Address for article reprint: Dr P. Reichard, Medical Clinic II, Södersjukhuset, S-10064 Stockholm, Sweden.

*Numbers calculated from data in article.


This small, but well-designed, open study patients with IDDM supports previous observations that an intensified insulin regimen both improves glycemic control and increases risk for severe hypoglycemia. It also shows that hypoglycemic symptoms may shift from adrenergic to neuroglycopenic with intensified therapy.

This change in the frequency and nature of hypoglycemia could not be explained on the basis of differences in autonomic function before initiating intensified therapy. The mechanism for the change in symptoms of hypoglycemia therefore remains unclear, but may be related to a decrease in the glycemic threshold for hormonal counter-regulation that occurs with intensified insulin therapy (1). The finding that serious hypoglycemic episodes were more frequent in the second 18 months of the study indicates that the effect of intensified therapy on hypoglycemia is not transient.

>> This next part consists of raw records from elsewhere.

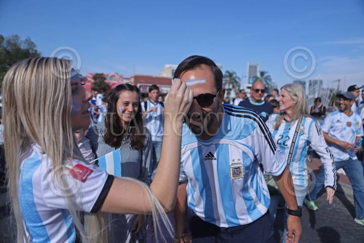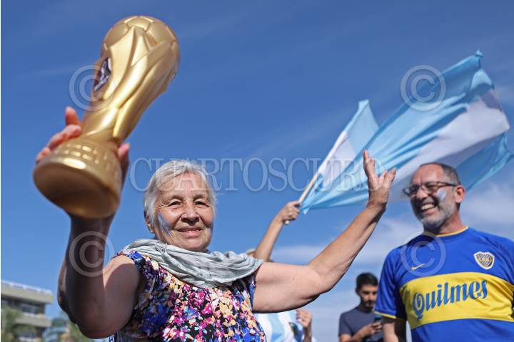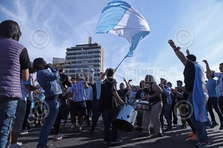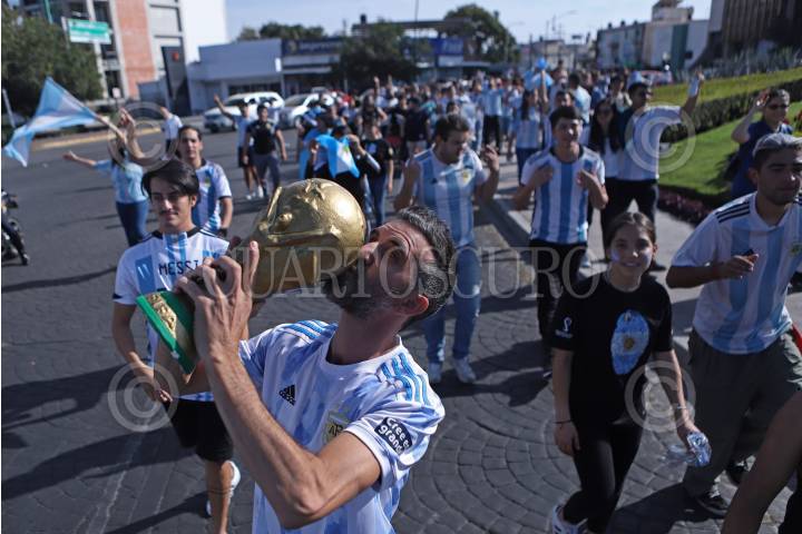 Aficionados Argentinos, festejan el campeonato mundial que logro su selección en Qatar 2022.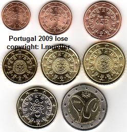alle 7 Kursmünzen 1 Cent - 1 Euro sowie die 2 Euro Sondermünzen Lusophonie
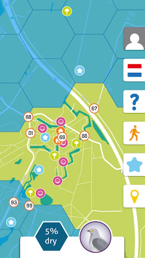 In this app the whole area has been flooded. Every time you walk or cycle in the area bits of land dry up. Will you be able to make the whole region dry again?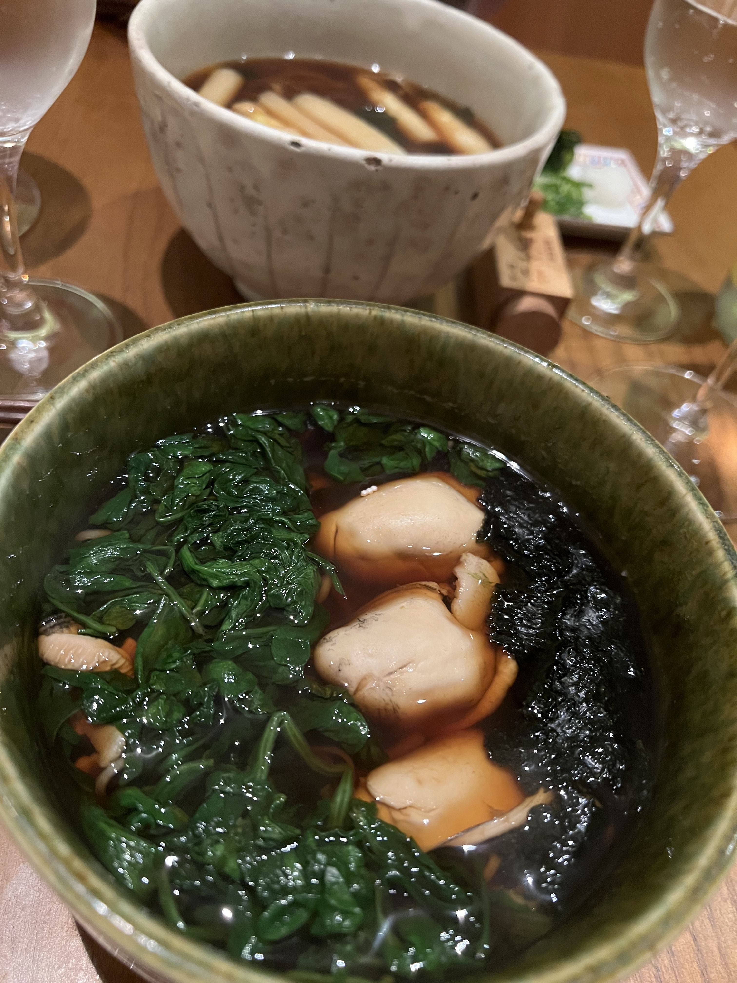 Cuisine raffinée. Prix relativement élevé et j'ai toujours faim même si j'ai payé 40 euros pour mon déjeuner. Le goût est peut-être trop léger pour un chinois du Sichuan.... Soupe Soba au canard : juste de la soupe, des nouilles, du canard et du 大葱. Goût simple et léger. Bulots à la japonaise : goût de soja. Plutôt bien.
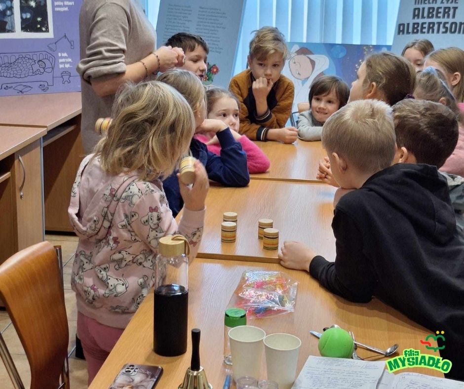 Dzieci miały okazję zapoznać się z jednym z podstawowych zmysłów poprzez różnorodność dźwięków, ich rodzajów i długości. Trenowaliśmy wrażliwość słuchową poprzez wspólne ustalanie rytmow, tworzenie sekwencji dźwiękowych oraz rozpoznawanie dźwięków z wyłączeniem zmysłu wzroku. Na koniec dzieci miały okazję zrobić swoje instrumenty o różnym natężeniu dźwięku.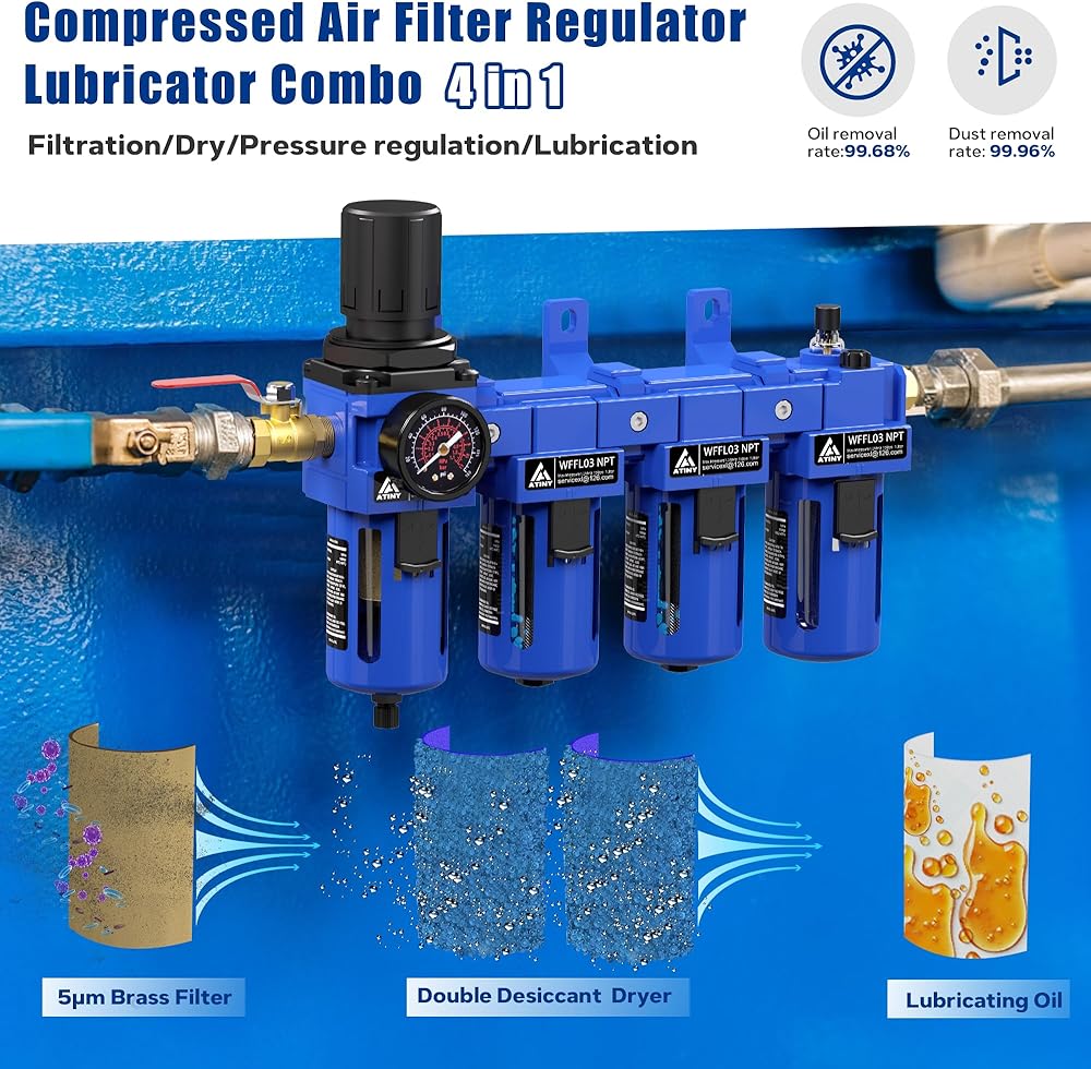 مجموعة منظم فلتر الهواء ATINY 1/4 بوصة مع مقياس الضغط، خرطوشة فلتر نحاسية 5 ميكرون، تصريف شبه تلقائي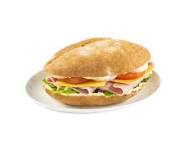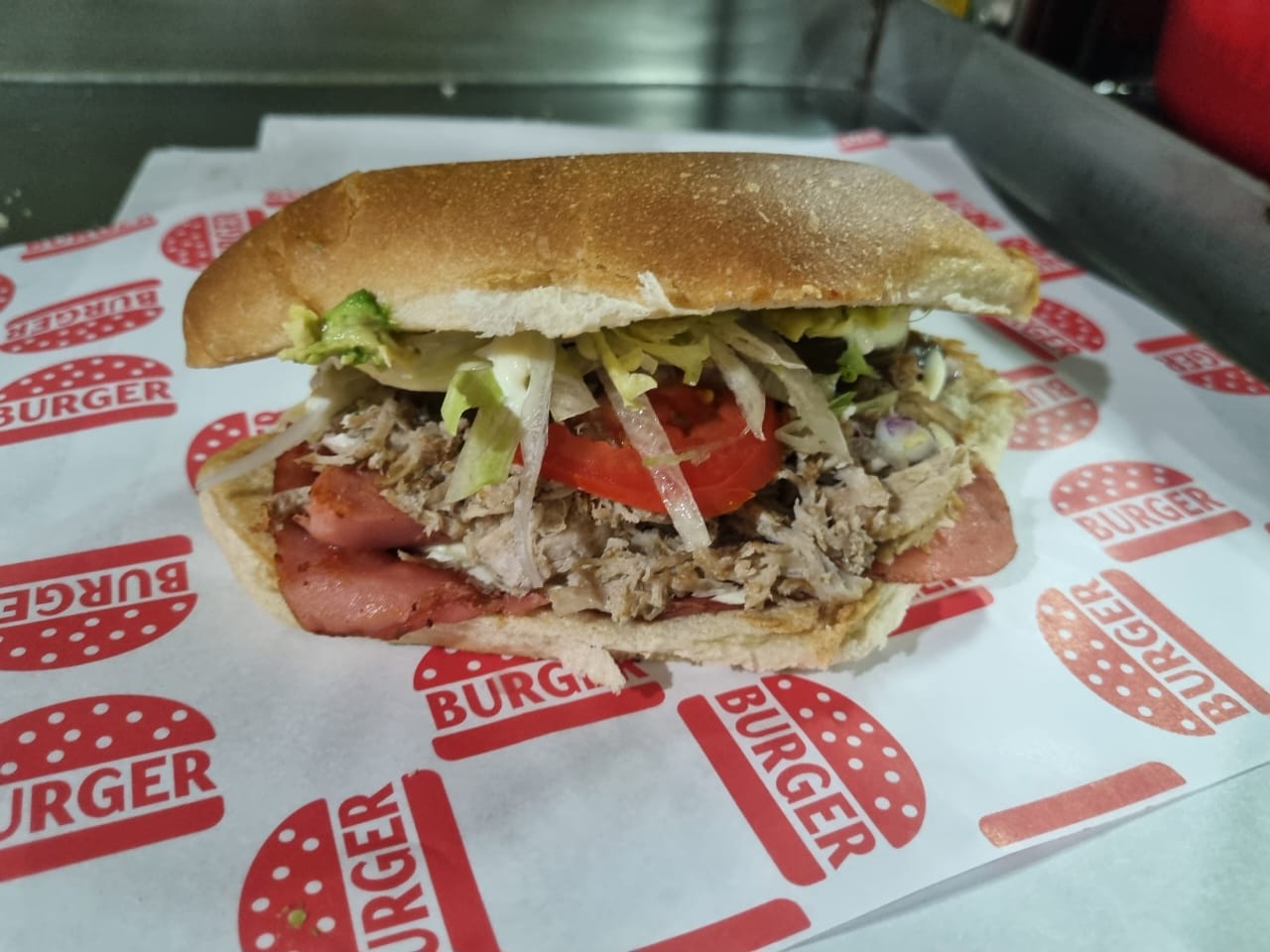 Jamón, salchicha y queso oaxaca, lechuga romana, cebolla, jitomate, jalapeño y mayonesa.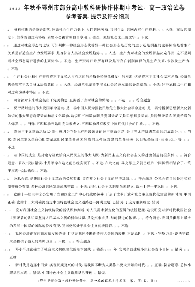 湖北省鄂州市部分高中协作体2023-2024学年高一上学期11月期中考试政治答案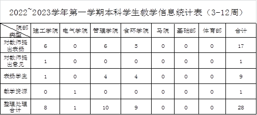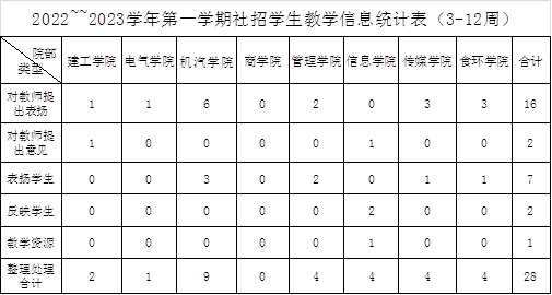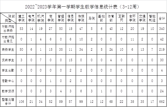 本学期从第3周开始,学生教学信息继续坚持每周收集一次,在线收集包括扩招和本科学生在内的“学生教学信息员反馈意见表”,及时汇总反馈给相关部门处理和汇报领导。从新生入学后,第一时间与各教学院部一起推选产生了115名新生教学信息员,建立了新生教学信息员队伍,并于9月29日开始参与教学信息反馈工作。第3-12周,共收集处理学生信息员教学信息718条,其中普招662条,社招28条,本科28条,具体情况见下表: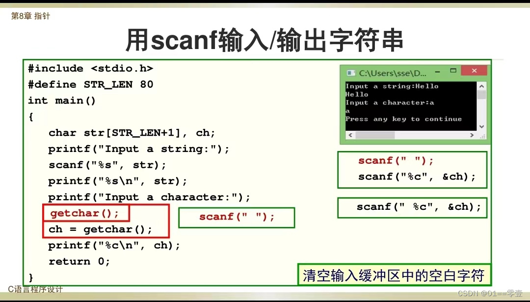 在调用 getchar ( ) 函数时,编译器会依次读取缓存区中的字符,其中包括空白字符,所以上述代码必须在输入 ch 字符前添加语句 getchar ( ),将缓存区中的空白字符读走,再使用 getchar ( ) 输入 ch 字符。除了使用 getchar ( ) 来读取空白字符,也可以用 scanf (" "),或者直接使用 scanf (" %c", &ch) 语句来输入 ch 字符。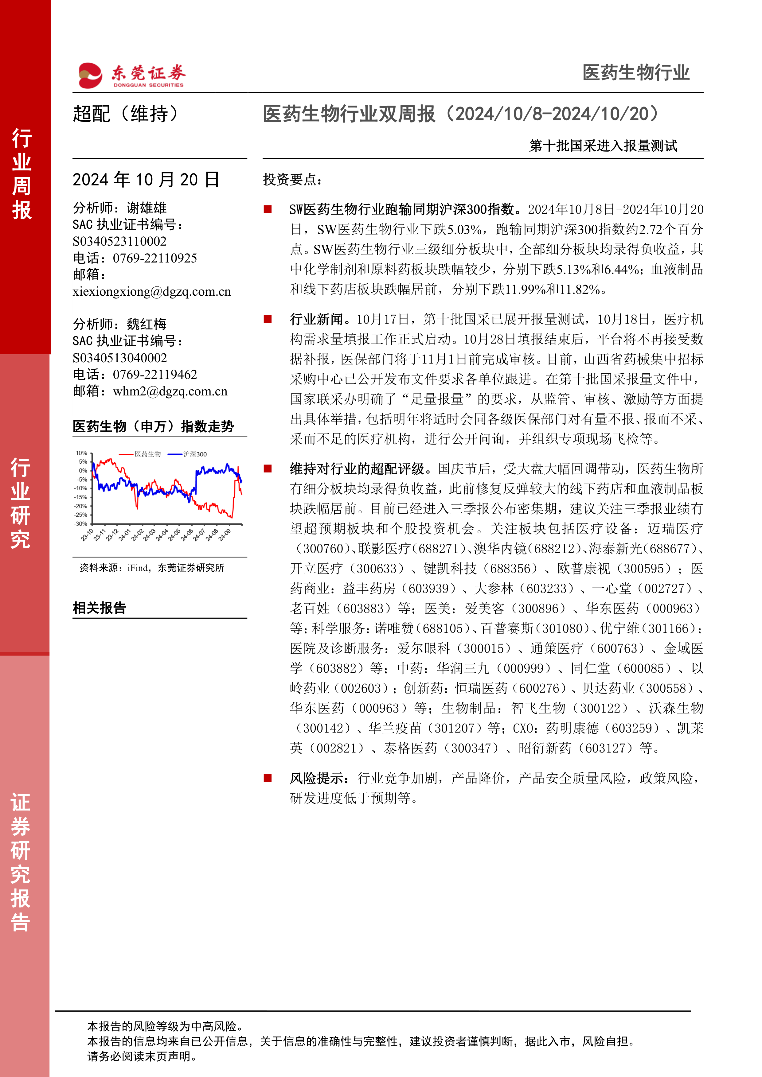 本报告对2024年10月8日至2024年10月20日期间SW医药生物行业的行情进行了回顾和分析,重点关注了第十批国采的进展以及部分上市公司的重要公告。尽管行业整体表现疲软,但报告维持对该行业的超配评级,并建议投资者关注三季报业绩有望超预期的板块和个股,同时需谨慎评估行业面临的各种风险。报告数据主要来自iFind和东莞证券研究所。 投资者应根据自身风险承受能力进行投资决策,本报告不构成投资建议。
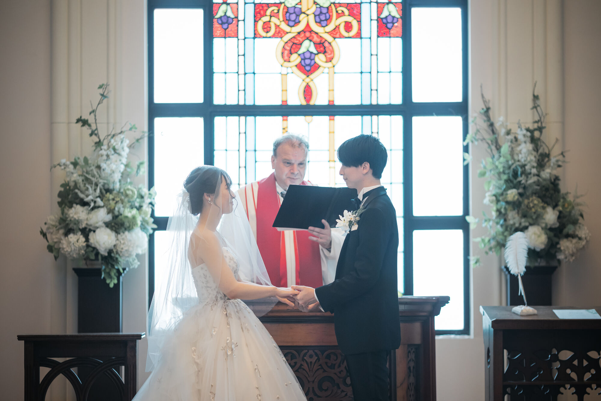 おふたりは厳かな雰囲気の中でキリスト教式を迎えられましたが、おふたりの表情には次第に穏やかな笑顔が広がり、緊張よりも喜びが感じられる時間となりました。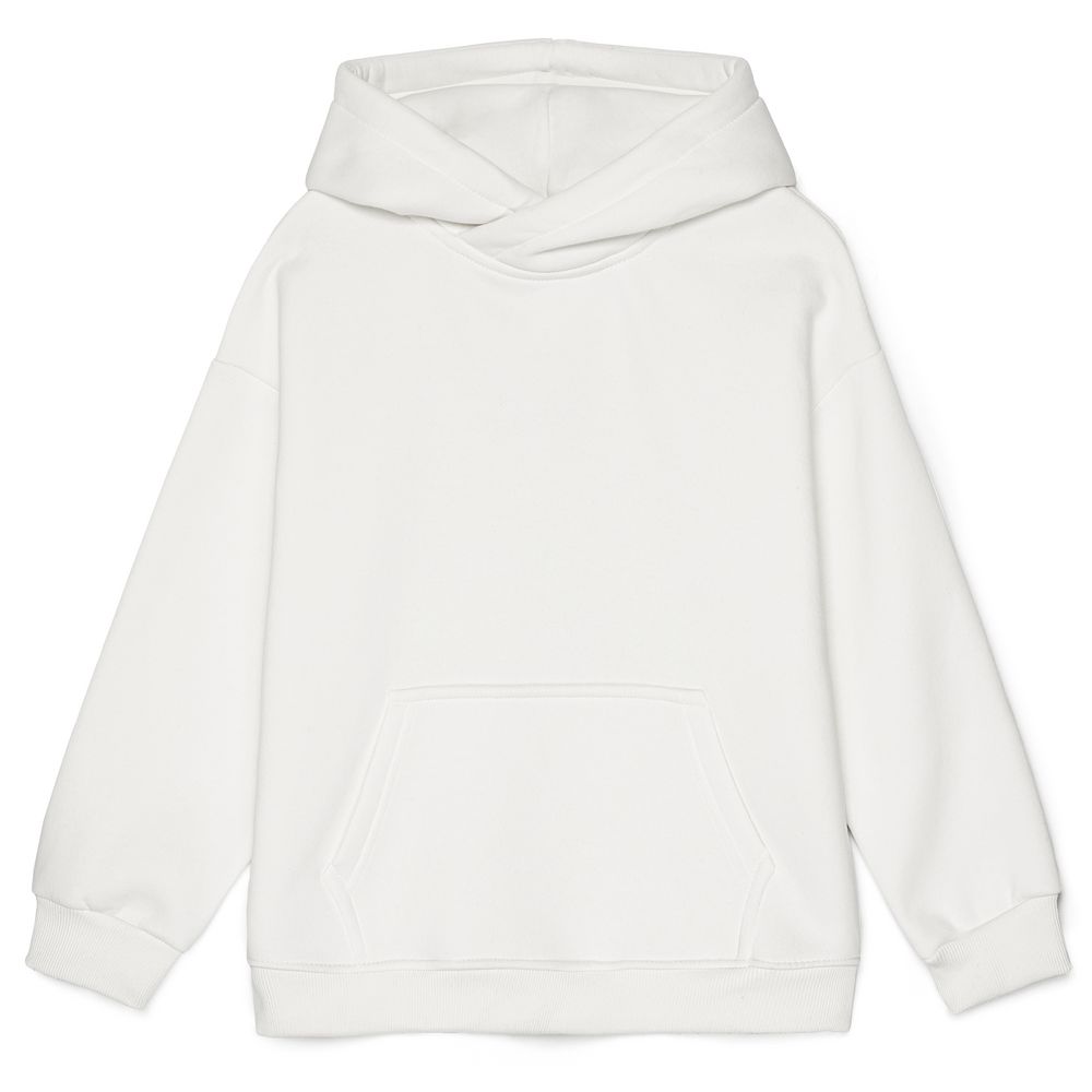 Детское худи унисекс со спущенным плечом и карманом-кенгуру.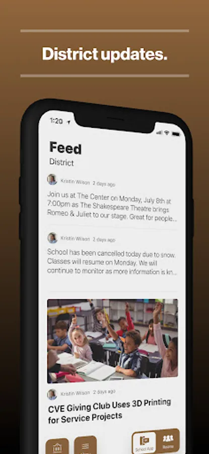 In the Live Feed is where you'll find updates from the administration about what's going on in the district right now. Whether that's celebrating a student's success, or reminding you about an upcoming deadline.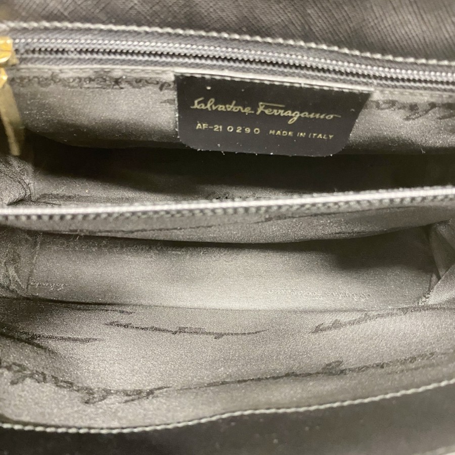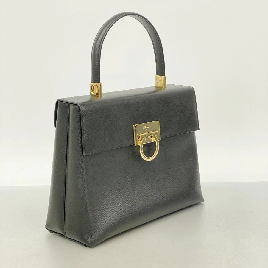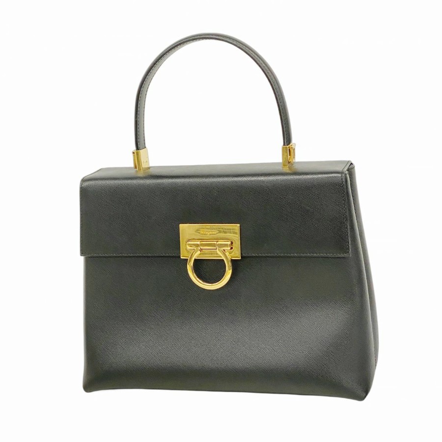 【6dc2593】サルヴァトーレフェラガモ ハンドバッグ ガンチーニ レザー ブラック ゴールド金具【中古】レディース

Although it is reassuring that cognitive function did not deteriorate in the group of patients on intensified therapy, the risks for chronic hypoglycemia in certain patients may be substantial. For example, patients who have frequent episodes of hypoglycemic coma or seizures (not generally experienced in the patients in this study) may constitute a high-risk group for chronic cognitive dysfunction. Moreover, acute consequences of frequent hypoglycemia (for example, the risk of mishap during a hypoglycemic episode) should not be underestimated. They should be weighed against potential benefits when clinical judgments are made with respect to intensifying insulin therapy and warrant close follow-up of all intensively treated patients with diabetes.

Hertzel C. Gerstein, MD, MSc
McMaster UniversityHamilton, Ontario, Canada


1. Amiel SA, Tamborlane WV, Simonson DC, Sherwin RS. Defective glucose counterregulation after strict glycemic control of insulin-dependent diabetes mellitus. N Engl J Med. 1987;316:1376-83.